MSTDP not learning #697

jhunter533 · 2024-10-26T04:46:30Z

jhunter533
Oct 26, 2024

I've been trying to implement Bindsnet based off my reinforcement learning Pytorch code. I opted to not use the pipeline and to use custom functions. I need help trying to get it to learn since it does not seem to be working. I feel like part of my problem may stem from trying to do continuous environments or my setup for them since input and output can be negative. If there is any advice or resources that could help me there let me know.

What I've tried:

LINode where layer.s=layer.v for the output.
Sum of spikes of output LIFNode layer
One_step set to true and false
Tested with both 1 and 256 batch_size

Observations:

The layers do spike and change weights from my print and graph testing
No matter which setup for the output layers is used it does not seem to learn. When using the spike setup the output layers are always 0. When using the LI layer it's always the reset voltage so -65 by default. This shows it isn't learning since the output is always the relative 0 in my testing thus far (though it should be noted that during training the very negative out layer results in the most negative action always while in the case of 0 value it leads to very random behavior but is 0 during testing).
I have tried changing a few of the parameters but they didn't seem to affect the lack of training though I understand they probably need tuned at some point.
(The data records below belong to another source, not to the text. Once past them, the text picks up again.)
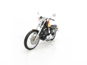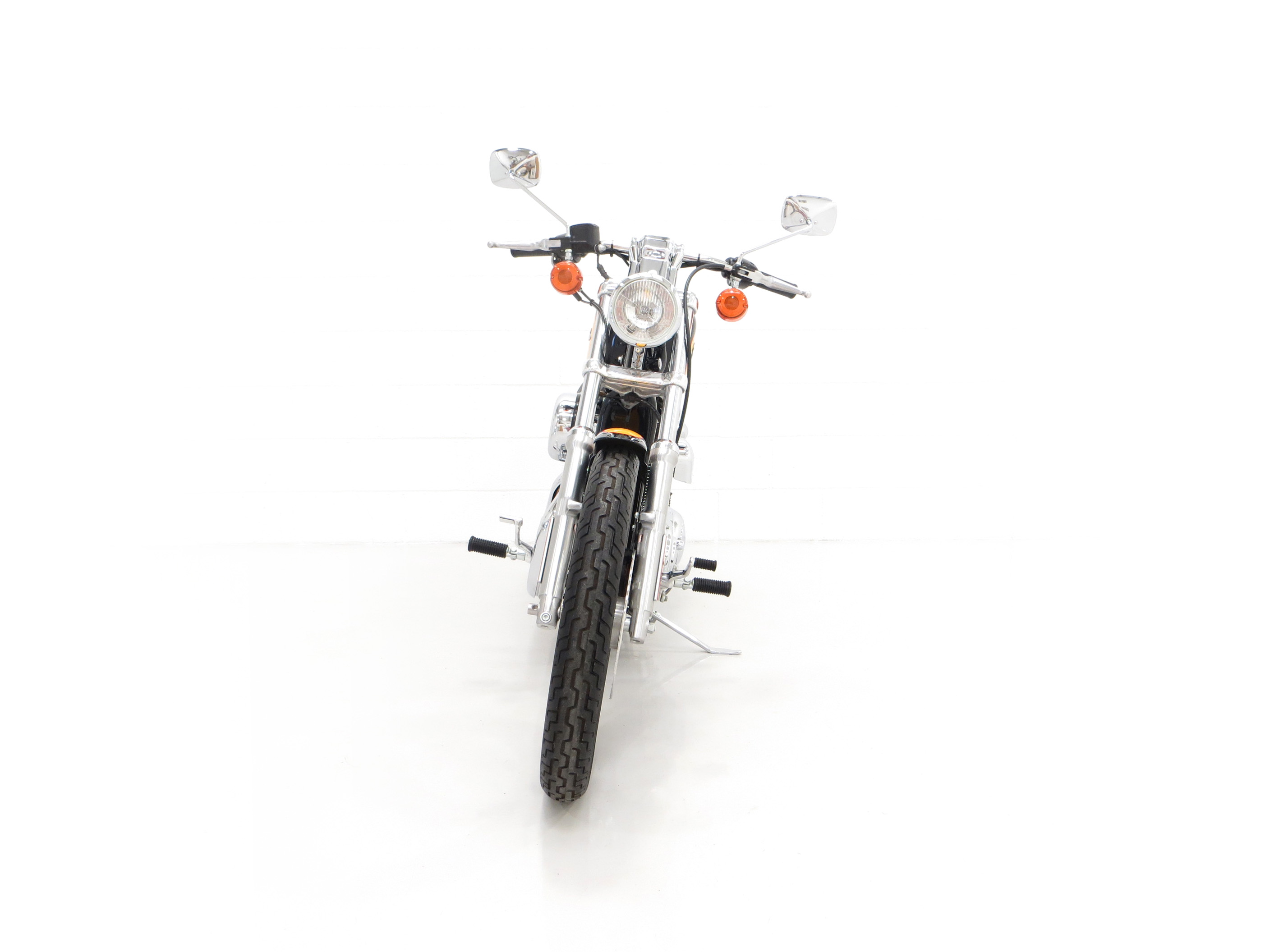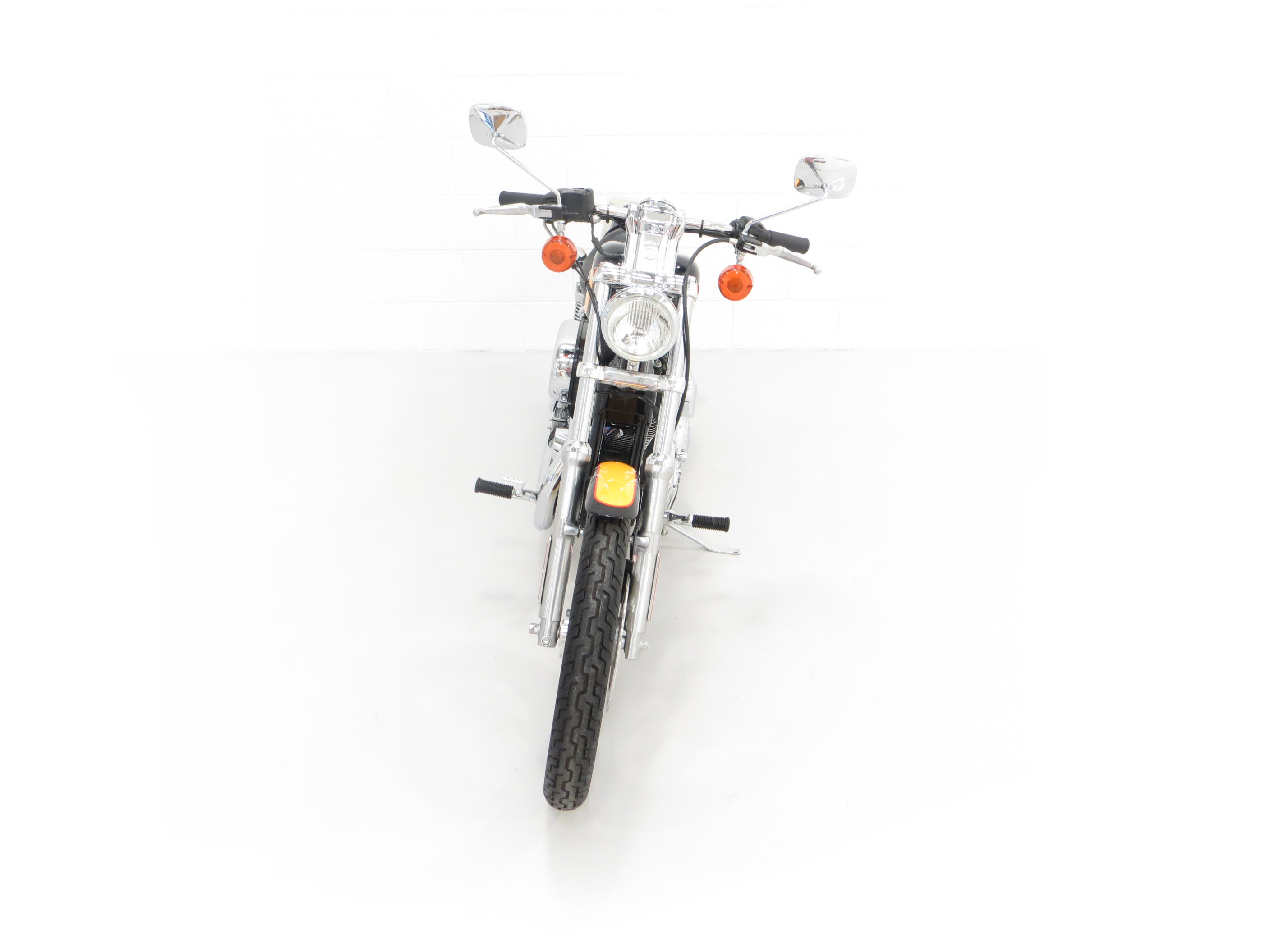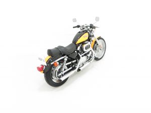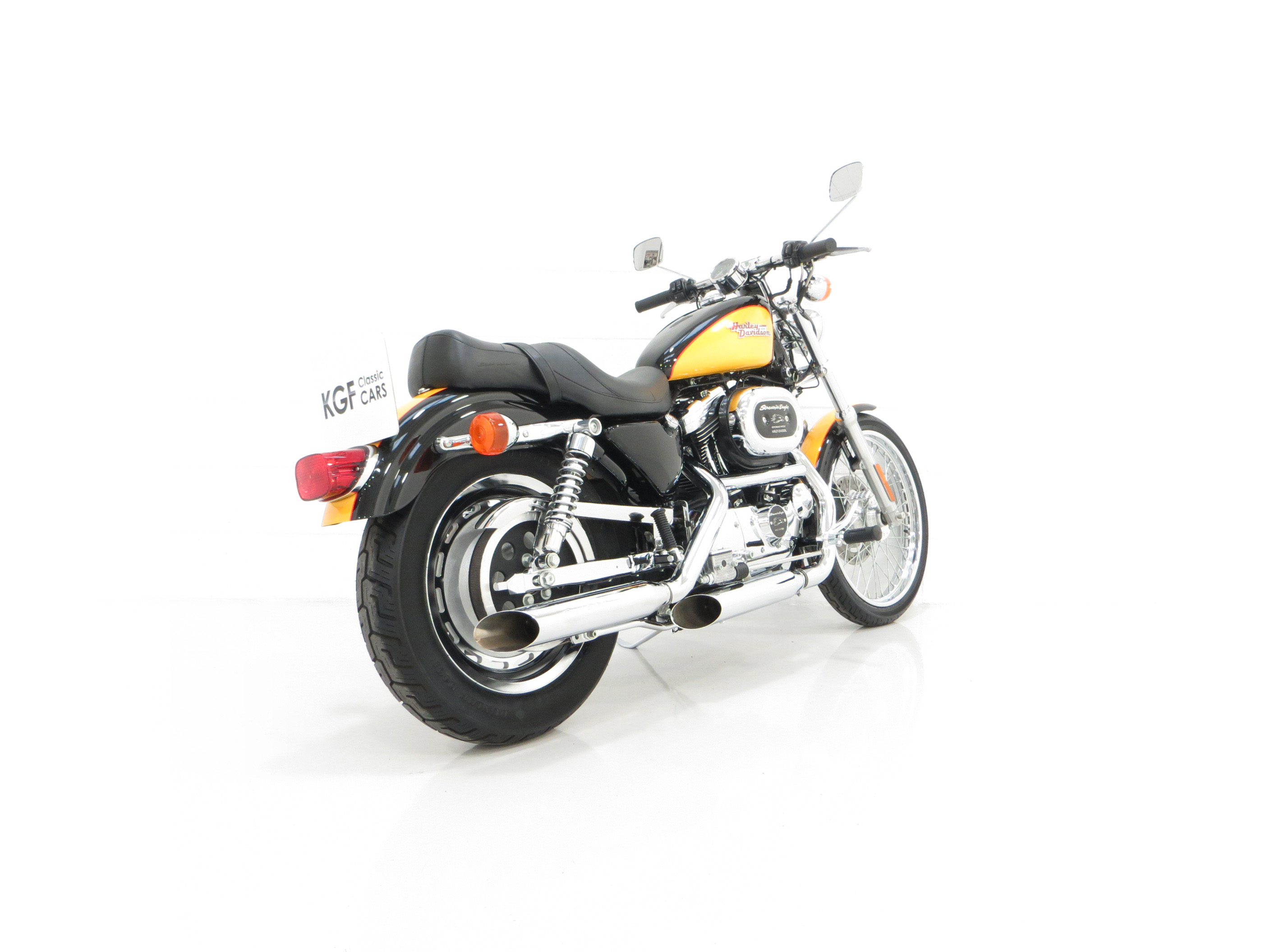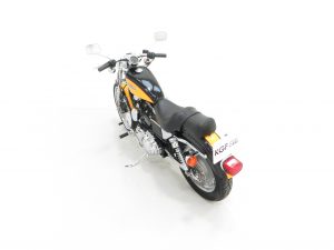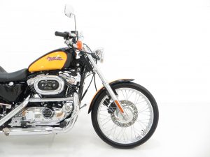 T21 x 2.15 TLA Laced front wheel, T16 x 3.00 DOT Disc rear wheel, carburettor enrichener knob, 12.5 litre fuel tank, electric start, run cut off switch, chrome-bezelled black-faced speedometer, chrome surround single headlamp, twin chromed rear-view mirrors, forward foot controls, pillion seat and foot pegs, front fork reflectors, chrome battery cover, chrome horn cover, fork lock, chrome jiffy stand. Harley Davidson genuine Sportster accessories; Chrome plated swingarm for Sportster, Sportster chrome belt guard, chrome exhaust bracket kit, chrome Pyramid axle adjuster. Screamin’ Eagle Sportster accessories; Screamin’ Eagle II slip-fit mufflers – Baloney Cut, Sportster high-flow air cleaner kit, black oval air cleaner insert, black timer cover with logo.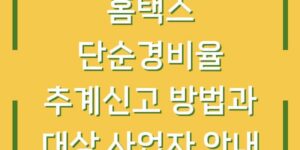 홈택스에서 제공하는 단순경비율 추계신고는 많은 사업자에게 중요한 세무 업무 중 하나입니다. 본 글에서는 단순경비율 추계신고의 개념, 방법, 그리고 해당되는 사업자에 대해 상세히 안내드리겠습니다. 이를 통해 독자 여러분이 보다 쉽게 신고를 …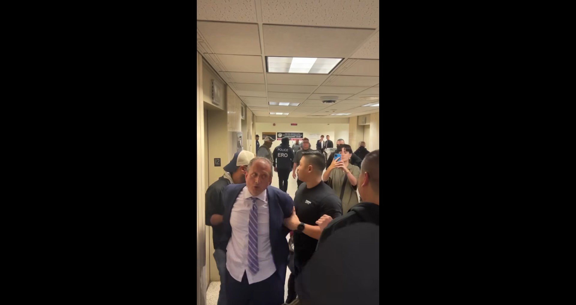 Ông Brad Lander bị nhân viên đặc vụ liên bang bắt giữ tại tòa án di trú ở thành phố New York hôm thứ Ba, 17/6/25. (Ảnh: Facebook Brad Lander)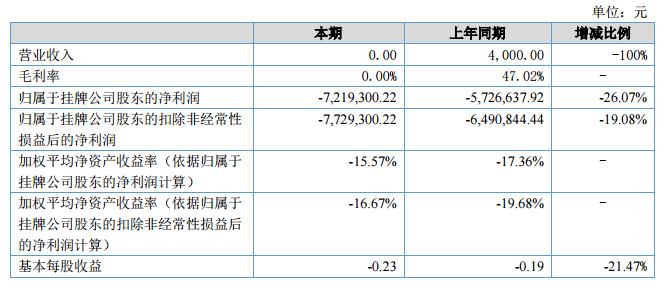 挖貝網(wǎng)9月4日,賽諾生物(證券代碼:836907)近日公布的2018年半年報顯示,截至2018年6月30日,企業(yè)實現(xiàn)營收0元;歸屬于掛牌公司股東的凈利潤為-721.93萬元。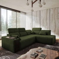 Ecksofa mit Schlaffunktion Tesalia VII grün rechte Seite modernes Design komfortable Schiebelehne Schublade in der Seite des Möbels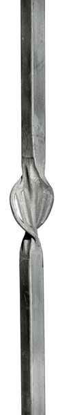Geländerstab aus Vierkantmaterial mit einem ausgeprägtem Drehornament in der Mitte.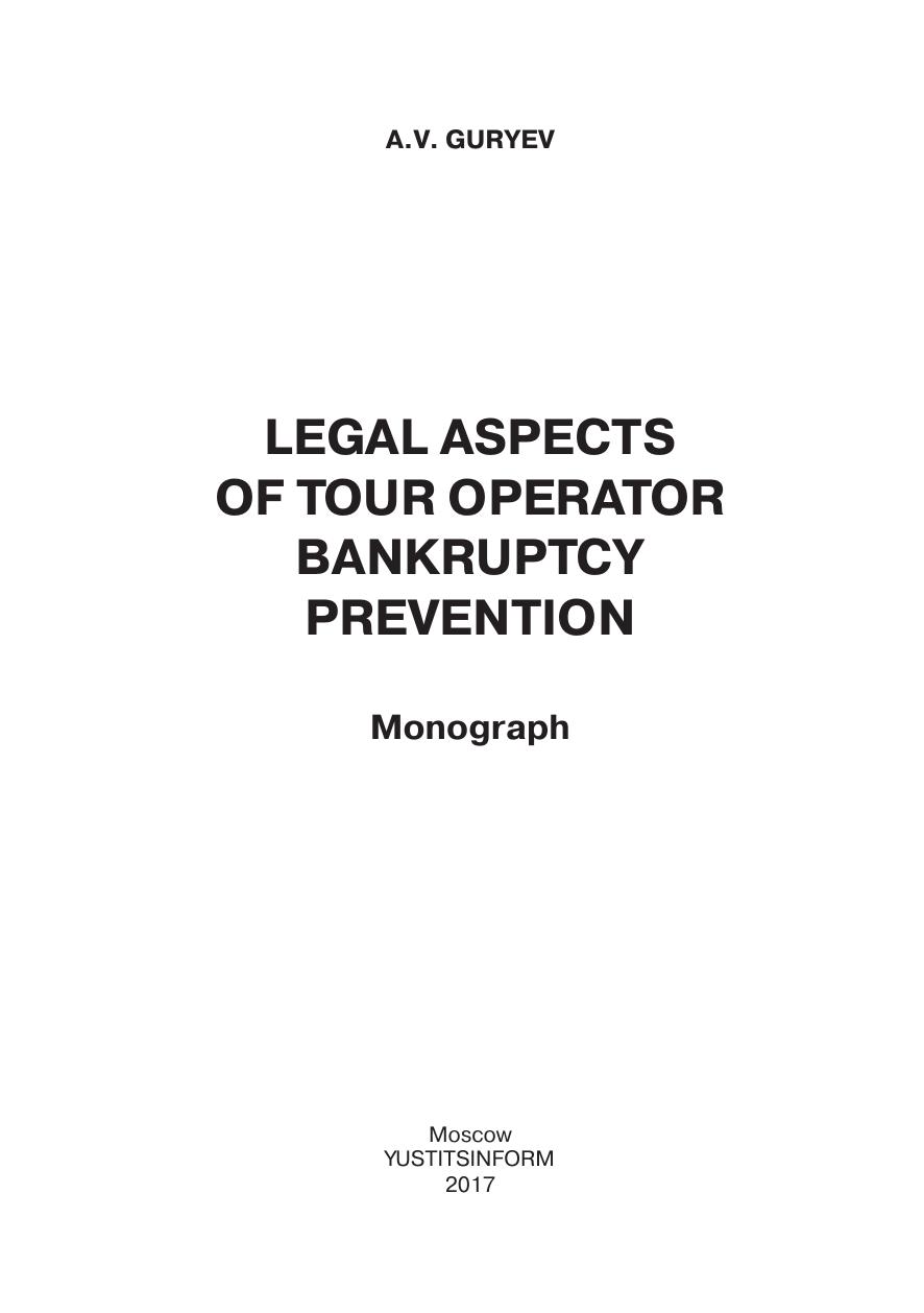 Правовые аспекты предупреждения банкротства туроператора: монография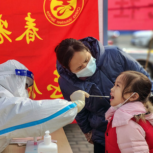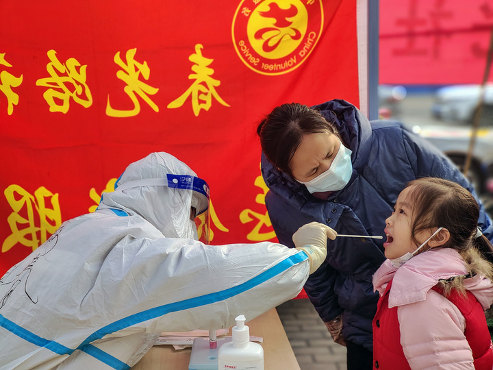 在安陽(yáng)市文峰區紫薇大道街道春光路社區,醫護人員為一名小朋友進(jìn)行核酸檢測取樣(1月11日 麻翛然攝)

I intend to keep the update for network separate from it's output generation since there are times when I want to do the equivalent of 'no_grad' however I may be thinking too much in the ANN world and perhaps I should always be performing the update. If someone has advice or papers that apply to this please let me know.

I've been running it with basic gymnasium environment like classic control pendulum.

I appreciate any help that can be offered.

The following the network from pytorch for reference purposes

class network(nn.Module):
    def __init__(self,num_states,num_actions,action_bound,hidden_dim,hidden_dim2):
        super(network,self).__init__()
        self.fc1=nn.Linear(self.num_states,self.hidden_dim)
        self.fc2=nn.Linear(self.hidden_dim,self.hidden_dim2)
        self.out1=nn.Linear(self.hidden_dim2,self.num_actions)
        self.out2=nn.Linear(self.hidden_dim2,self.num_actions)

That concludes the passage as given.